Based on this record, it is not clear whether petitioner maintained a diary that indicated the business use of his cars and that such diary was stolen, or whether petitioner failed to maintain such records during the entire year at issue. Clearly, he kept no such record for the period after the burglary. Even if we believed petitioner maintained a diary prior to the burglary, where the taxpayer establishes that the failure to produce adequate records is due to loss of such records through circumstances beyond the taxpayer's control, such as by casualty, the taxpayer must still substantiate his deduction by a reasonable reconstruction of the use of his automobile and the expenditures associated with such automobile. Sec. 1.274-5T(c)(5), Temporary Income Tax Regs., 50 Fed. Reg. 46022 (Nov. 6, 1985). However, petitioner made no effort at trial to provide a reasonable reconstruction as to the business usage of his automobile. Chira v. Commissioner [Dec. 47,456(M)], T.C. Memo. 1991-309; Sumner v. Commissioner [Dec. 39,378(M)], T.C. Memo. 1982-561. Petitioner merely testified that he drove his Toyota "mostly for business * * * to drop fliers, and to visit other places". Since petitioner has failed to meet the strict substantiation requirements of section 274, he has failed to prove that the business usage of his automobile exceeds the amount determined by respondent. Accordingly, petitioner is not entitled to an increased deduction for automobile expense.

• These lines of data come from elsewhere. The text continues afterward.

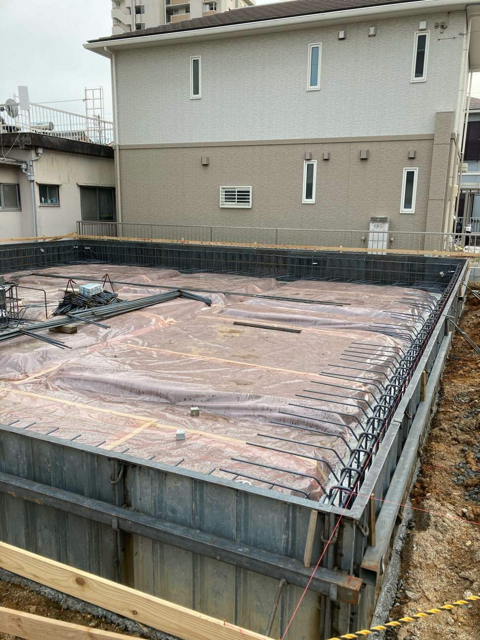 明日コンクリート打設をするため、江南事務所のhさんが配筋検査に行きましたが、明日はあいにくの雨予報。コンクリート打設は明後日に延期しました。
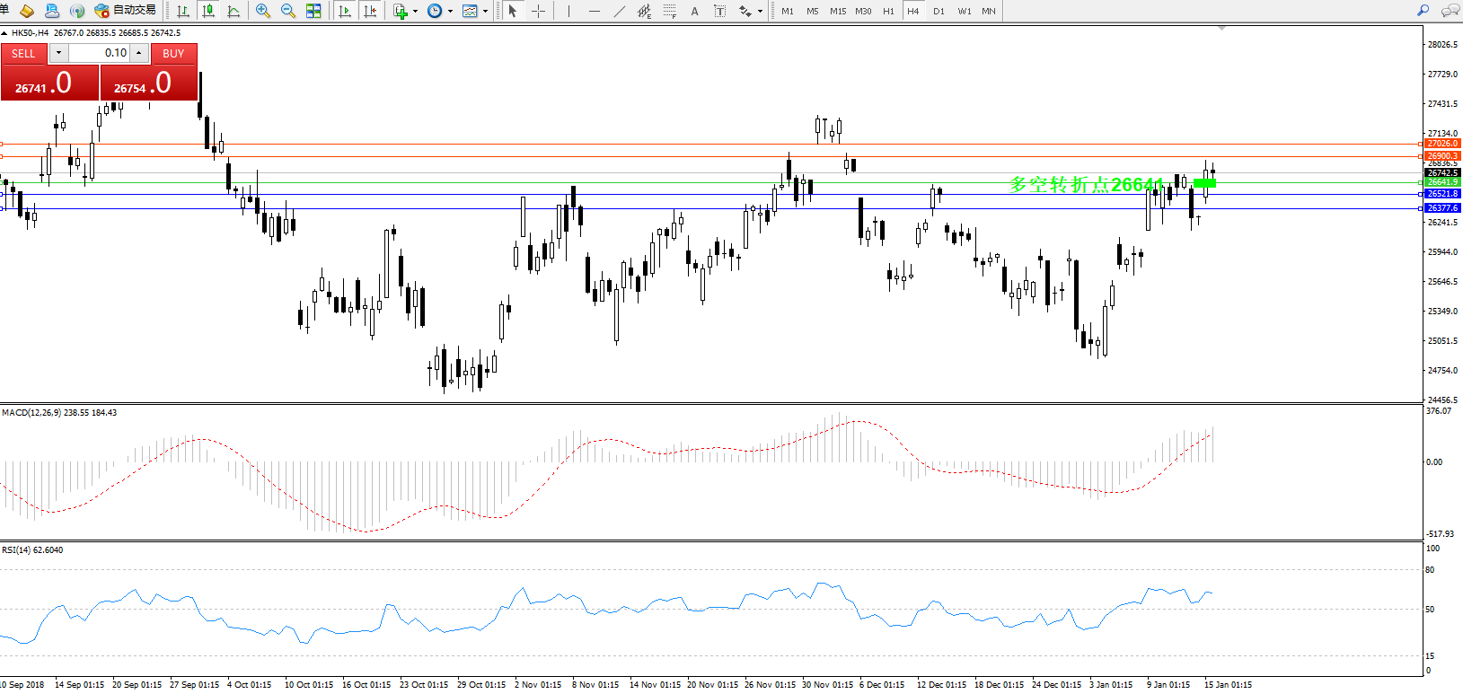 交易策略:26641上方看涨,目标26900、27026
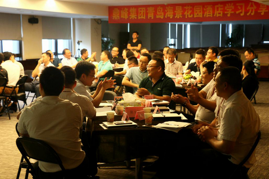 当天下午,在4号会议室举行海景花园酒店学习分享会。全体与会人员分组进行了积极热烈的讨论,并就各组讨论结果进行了深入讲解。简建锋总裁发言表示,我们不仅要学习海景花园酒店的服务精神,更要学习它的管理内核。服务是目标,是衍生出来的产品,我们要回归管理的本质,与时俱进,通过管理、通过品牌创造效益。产品是不断在变化的,但是管理、团队、品牌是永恒的。
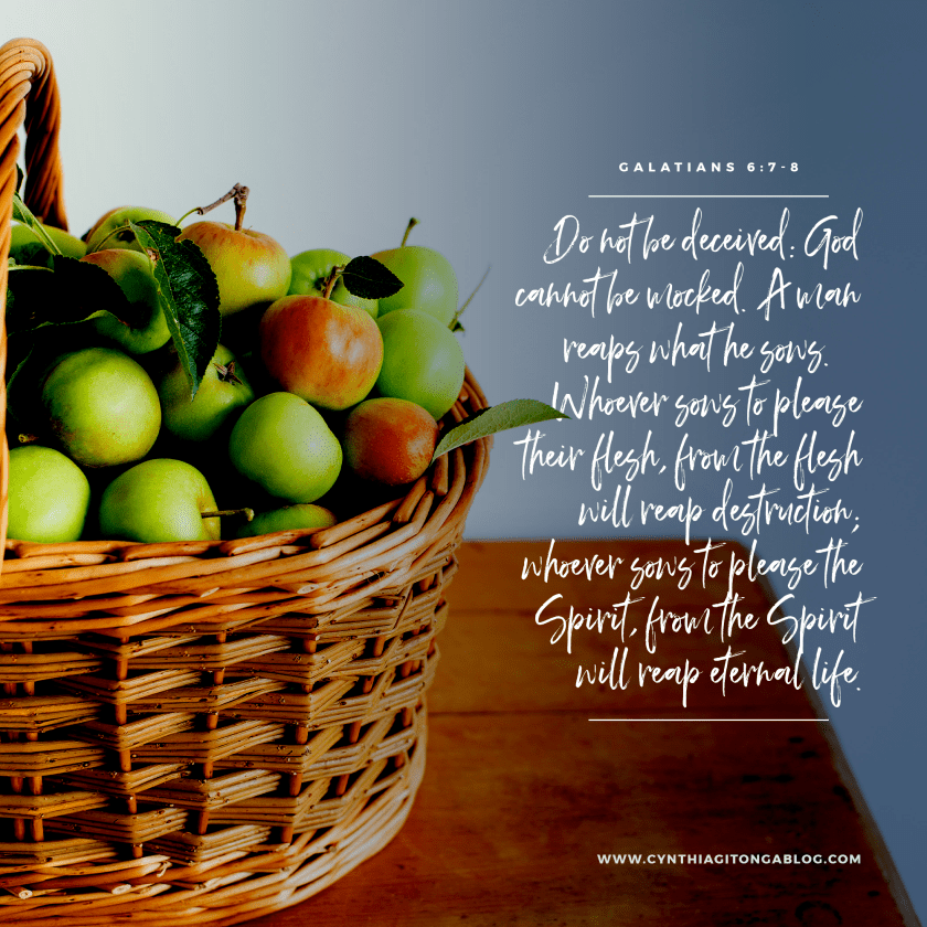 Memory Verse Galatians 6:7-8 “Do not be deceived: God cannot be mocked. A man reaps what he sows. Whoever sows to please their flesh, from the flesh will reap destruction; whoever sows to please the Spirit, from the Spirit will reap eternal life.”
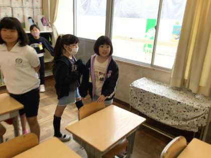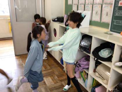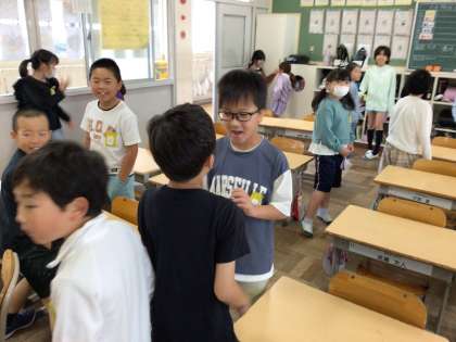 「Good morning!」「How are you?」を使って、みんなとあいさつをしました。
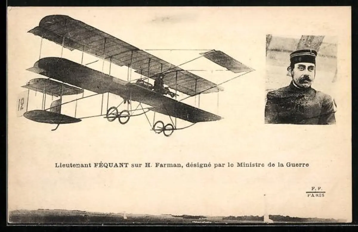 AK Lieutenant Féquant im Doppeldecker-Flugzeug von H. Farman
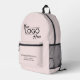 Professional blush pink backpack for your business that features your logo. Add your business name, slogan, website, socials or other text in simple modern typography on the front pocket. You can change the colours of the backpack and text to your brand colours by editing in the design tool.
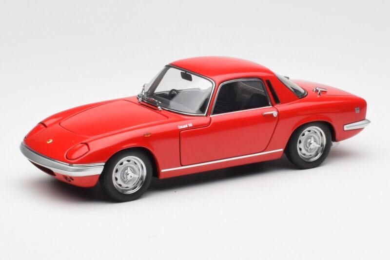 The Lotus Elan S2 SE Coupe Raudonas AUTOart 1:18 is crafted from Metalas. Die-cast zinc alloy body with detailed plastic parts, rubber tires, and high-quality paint finish. Die-cast models are known for their weight, durability, and realistic feel.
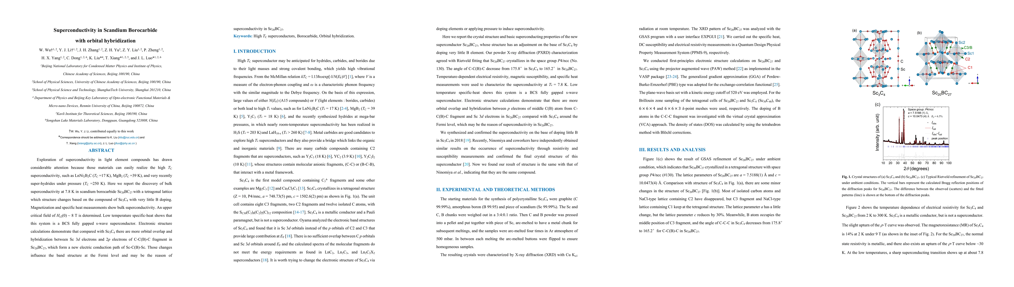 This paper reports the discovery of bulk superconductivity at 7.8 K in scandium borocarbide ${\mathrm{Sc}}_{20}{\mathrm{B}}{\mathrm{C}}_{27}$, with an upper critical field of Hc2(0) ~ 8 T, and identifies orbital hybridization between Sc 3d and C-C(B)-C 2p electrons as a key factor influencing the superconductivity.
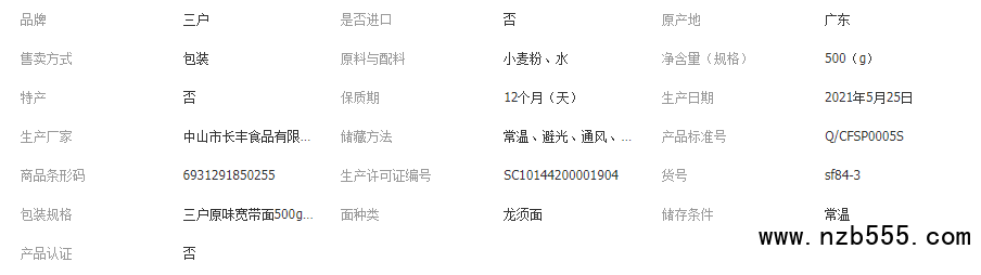 三戶原味寬條面500g寬面拌面炸醬面方便面食非油炸素食面條家庭裝

Nevertheless, petitioner proved that he paid the California Department of Motor Vehicles (DMV) $117 and $143 for the registration and licensing of his vehicles. An ad valorem auto license fee is deductible as a personal property tax under section 164(a)(2), but an annual flat registration fee is not deductible. Mann v. Commissioner [Dec. 33,104(M)], T.C. Memo. 1975-74; sec. 1.164-3(c), Income Tax Regs. California imposed both for the year at issue. 5 The registration fee was $22 for each vehicle. Petitioner did not claim any taxes as itemized deductions; however, the $117 was used to calculate the allowable automobile expense. Accordingly, petitioner is entitled to a Schedule A deduction in the amount of $170.93 ($49.93 (the nonbusiness usage percentage of 52.56 percent times ($117 less $22) plus $121 ($143 less $22)).

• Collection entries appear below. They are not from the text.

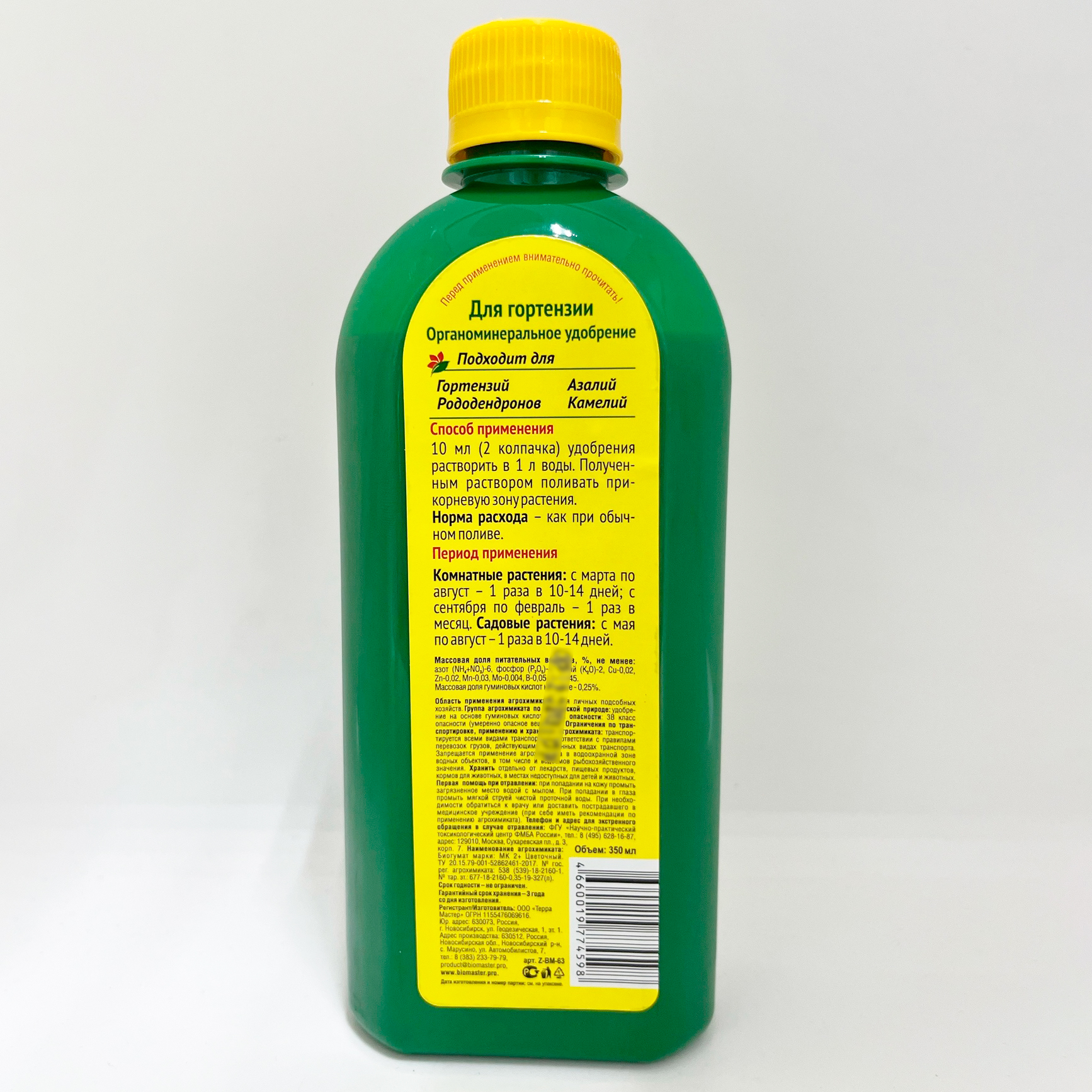 Удобрение содержит полный комплекс веществ, необходимых для полноценного и сбалансированного питания растений: массовая доля питательных веществ, не менее %: Азот - 6, Фосфор - 4, Калий - 2. Микроэлементы: железо, магний, марганец, бор, цинк. Массовая доля гуминовых кислот не менее - 0,25%
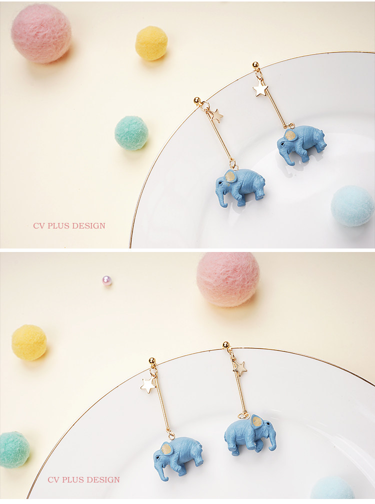 | 尺寸:長 5 cm 寬2.2 cm | 材質:925銀針 保色合金 彩色大象 |
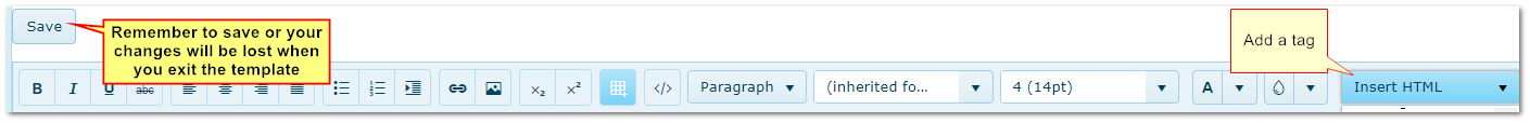 To use tags, place the cursor at the required position and then select the required tag from the "Insert HTML" menu on the toolbar.
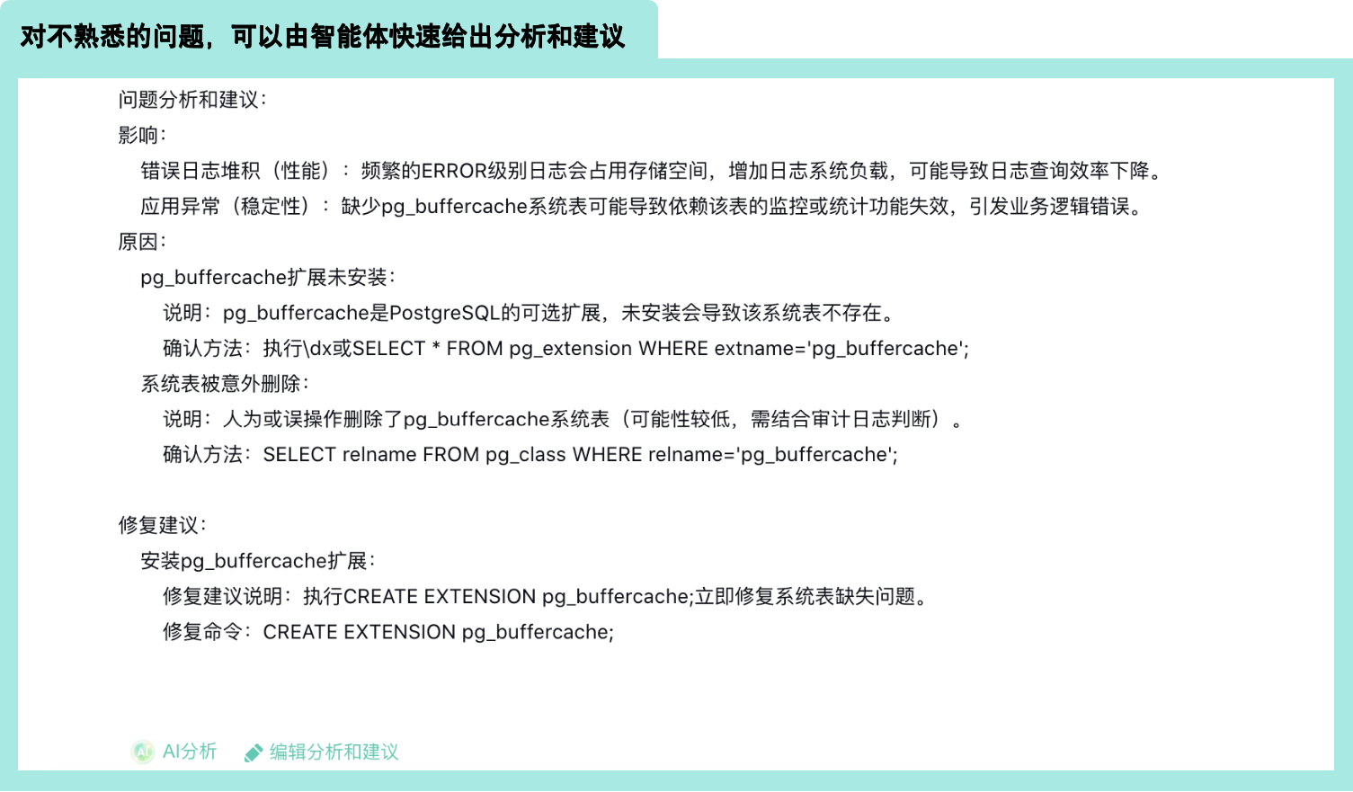 在数据库运维现场,最常见的问题并不是“怎么解决”,而是“我现在遇到的到底是什么问题”。这一现象源于认知差距:初级运维人员遇到专业术语、企业特有配置或国产数据库特性时,会花大量时间向同事打听或翻文档。

5 Cal. Rev. & Tax. Code sec. 10752 (Deering 1994), (license fee); Cal. Veh. Code sec. 9250 (Deering 1994), (registration fee).

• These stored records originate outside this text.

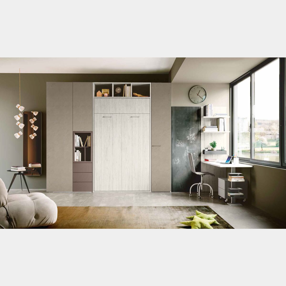 Il Letto - armadio a scomparsa prende sempre più piede nella camerette dalle dimensioni medio-piccole, questo perchè in qualche metro si ha una soluzione estremamente comoda e funzionale, poco ingombrante. Il letto- armadio a scomparsa è infatti pensato per coniugare comfort durante le ore di riposo ad un estetica moderne e innovativa che ti consenta di arredare con eleganza la camera.
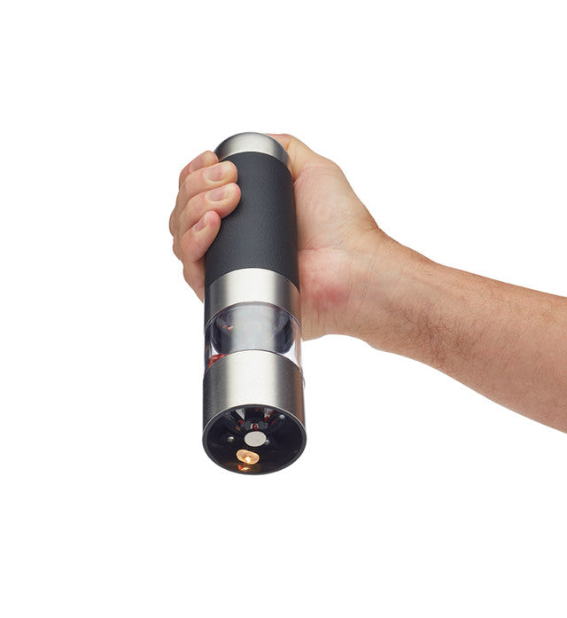 Revolutionise your cooking and enliven your dining table with the MasterClass Adjustable Electric Salt and Pepper Mill. It’s a quick, effortless and versatile way to infuse your food with fresh natural flavours – and it looks great too! Easy One-Touch Operation This electronic grinder is so simple to use, you can keep one hand free for cooking! Simply press the button at the top to start the grinding mechanism – it only takes a second, and the electric mechanism grinds faster than traditional mills too.
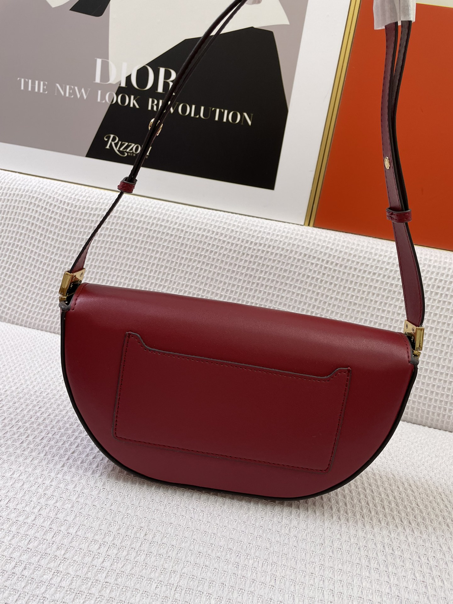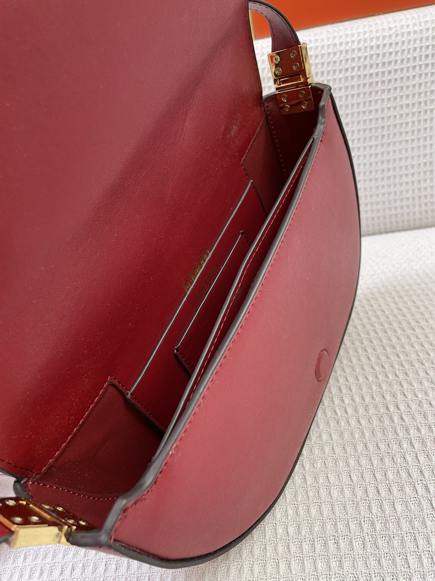 Shortest vertical length for shoulder strap: 10.6 inches. Longest vertical length for shoulder strap: 15.7 inches. Adjustable shoulder strap. It has one interior card slot and one exterior zippered pocket, along with two interior slip pockets. The top flap is secured with a magnetic closure and features hand-painted lacquered edges and shiny metal accessories made in Italy.
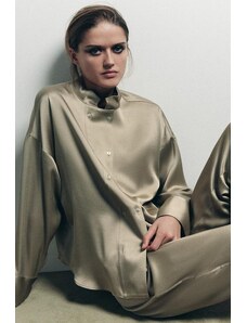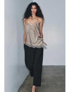 ZARA SATÉNOVÉ KALHOTY S VYSOKÝM PASEM Hnědá / Přírodní Hnědá / Přírodní XS

Section 6662(a) and (b)(1) imposes a penalty on any portion of an underpayment which is attributable to negligence or disregard of rules or regulations. The term "negligence" includes any failure to make a reasonable attempt to comply with the statute, and the term "disregard" includes any careless, reckless, or intentional disregard. Petitioner has the burden of proof on this issue. Rule 142(a). Based on this record, petitioner has failed to demonstrate that he was not negligent. Accordingly, we sustain respondent on this issue.
To reflect the foregoing,
Decision will be entered under Rule 155.